■ TASK ■
Your output should be the lines below from the one holding "Ensemble de tables" through the one holding "活动尾声,师生们将部分精美的", transcribed exactly, with no pictures.

====== RECORDS SUPPLIED ======

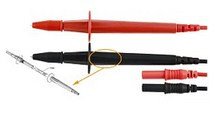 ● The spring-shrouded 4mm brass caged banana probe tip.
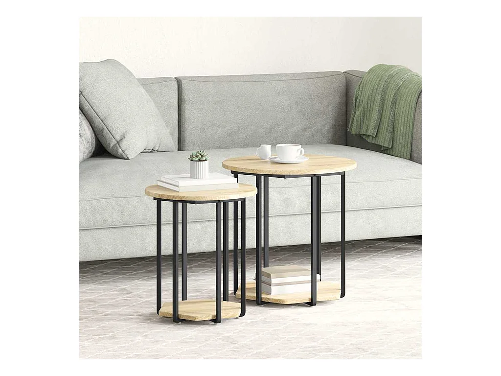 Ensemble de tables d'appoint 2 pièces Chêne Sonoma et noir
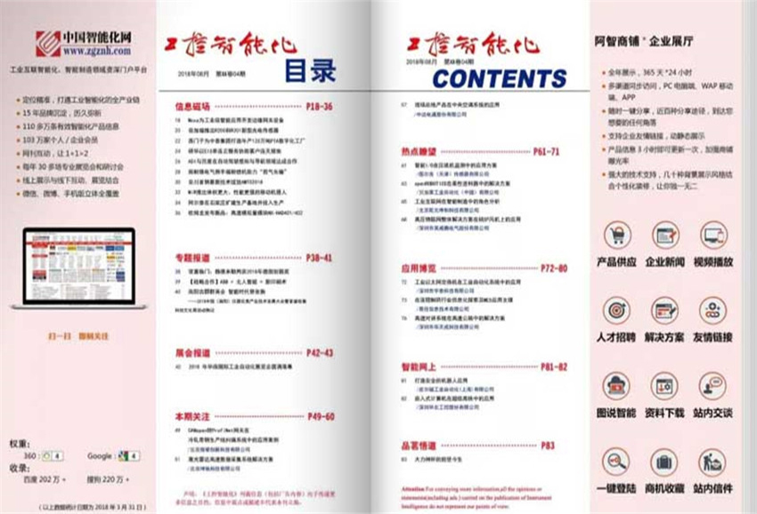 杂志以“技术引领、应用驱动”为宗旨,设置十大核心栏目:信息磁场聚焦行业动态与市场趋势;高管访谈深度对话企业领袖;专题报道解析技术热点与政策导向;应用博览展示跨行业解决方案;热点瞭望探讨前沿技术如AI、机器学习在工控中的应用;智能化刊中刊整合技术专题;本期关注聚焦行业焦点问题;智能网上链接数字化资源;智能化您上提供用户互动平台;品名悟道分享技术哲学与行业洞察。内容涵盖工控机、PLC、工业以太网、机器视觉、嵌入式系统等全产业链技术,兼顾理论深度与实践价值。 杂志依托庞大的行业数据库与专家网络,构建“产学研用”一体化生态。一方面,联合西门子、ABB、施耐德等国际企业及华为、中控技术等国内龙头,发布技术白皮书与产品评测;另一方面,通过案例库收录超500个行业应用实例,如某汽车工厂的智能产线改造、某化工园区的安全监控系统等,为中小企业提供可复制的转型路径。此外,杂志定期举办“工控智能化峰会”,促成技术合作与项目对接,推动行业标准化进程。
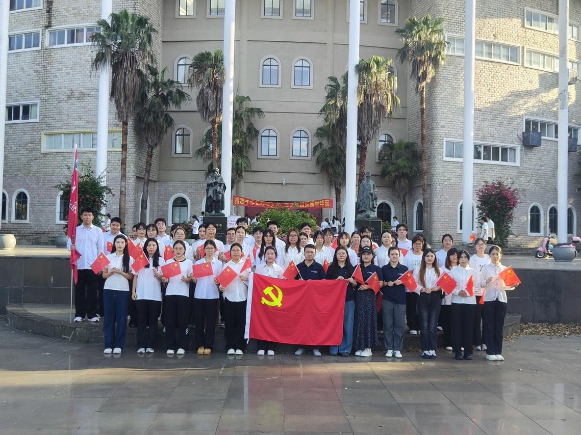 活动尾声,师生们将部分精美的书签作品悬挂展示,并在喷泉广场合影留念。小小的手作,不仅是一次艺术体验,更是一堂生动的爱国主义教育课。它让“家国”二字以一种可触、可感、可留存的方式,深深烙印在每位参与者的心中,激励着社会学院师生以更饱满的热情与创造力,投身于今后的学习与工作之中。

======
====== RECORDS SUPPLIED ======

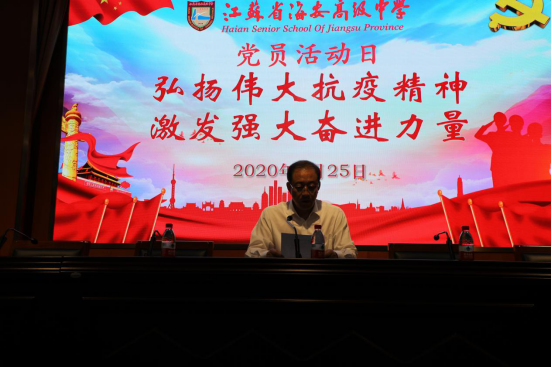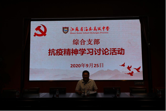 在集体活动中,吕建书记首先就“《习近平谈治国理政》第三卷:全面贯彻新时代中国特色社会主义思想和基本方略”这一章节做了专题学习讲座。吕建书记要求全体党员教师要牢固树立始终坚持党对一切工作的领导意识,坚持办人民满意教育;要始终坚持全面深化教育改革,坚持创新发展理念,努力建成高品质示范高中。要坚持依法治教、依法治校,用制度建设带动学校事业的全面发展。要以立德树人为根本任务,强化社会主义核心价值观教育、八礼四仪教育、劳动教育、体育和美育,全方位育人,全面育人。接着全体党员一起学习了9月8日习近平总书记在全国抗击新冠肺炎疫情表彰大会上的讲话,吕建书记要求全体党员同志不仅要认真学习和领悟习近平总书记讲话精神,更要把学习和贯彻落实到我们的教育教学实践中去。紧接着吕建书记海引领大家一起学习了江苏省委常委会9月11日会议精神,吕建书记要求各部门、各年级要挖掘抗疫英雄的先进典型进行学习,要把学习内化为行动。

======

■ FINAL ANSWER ■
 Ensemble de tables d'appoint 2 pièces Chêne Sonoma et noir
 杂志以“技术引领、应用驱动”为宗旨,设置十大核心栏目:信息磁场聚焦行业动态与市场趋势;高管访谈深度对话企业领袖;专题报道解析技术热点与政策导向;应用博览展示跨行业解决方案;热点瞭望探讨前沿技术如AI、机器学习在工控中的应用;智能化刊中刊整合技术专题;本期关注聚焦行业焦点问题;智能网上链接数字化资源;智能化您上提供用户互动平台;品名悟道分享技术哲学与行业洞察。内容涵盖工控机、PLC、工业以太网、机器视觉、嵌入式系统等全产业链技术,兼顾理论深度与实践价值。 杂志依托庞大的行业数据库与专家网络,构建“产学研用”一体化生态。一方面,联合西门子、ABB、施耐德等国际企业及华为、中控技术等国内龙头,发布技术白皮书与产品评测;另一方面,通过案例库收录超500个行业应用实例,如某汽车工厂的智能产线改造、某化工园区的安全监控系统等,为中小企业提供可复制的转型路径。此外,杂志定期举办“工控智能化峰会”,促成技术合作与项目对接,推动行业标准化进程。
 活动尾声,师生们将部分精美的书签作品悬挂展示,并在喷泉广场合影留念。小小的手作,不仅是一次艺术体验,更是一堂生动的爱国主义教育课。它让“家国”二字以一种可触、可感、可留存的方式,深深烙印在每位参与者的心中,激励着社会学院师生以更饱满的热情与创造力,投身于今后的学习与工作之中。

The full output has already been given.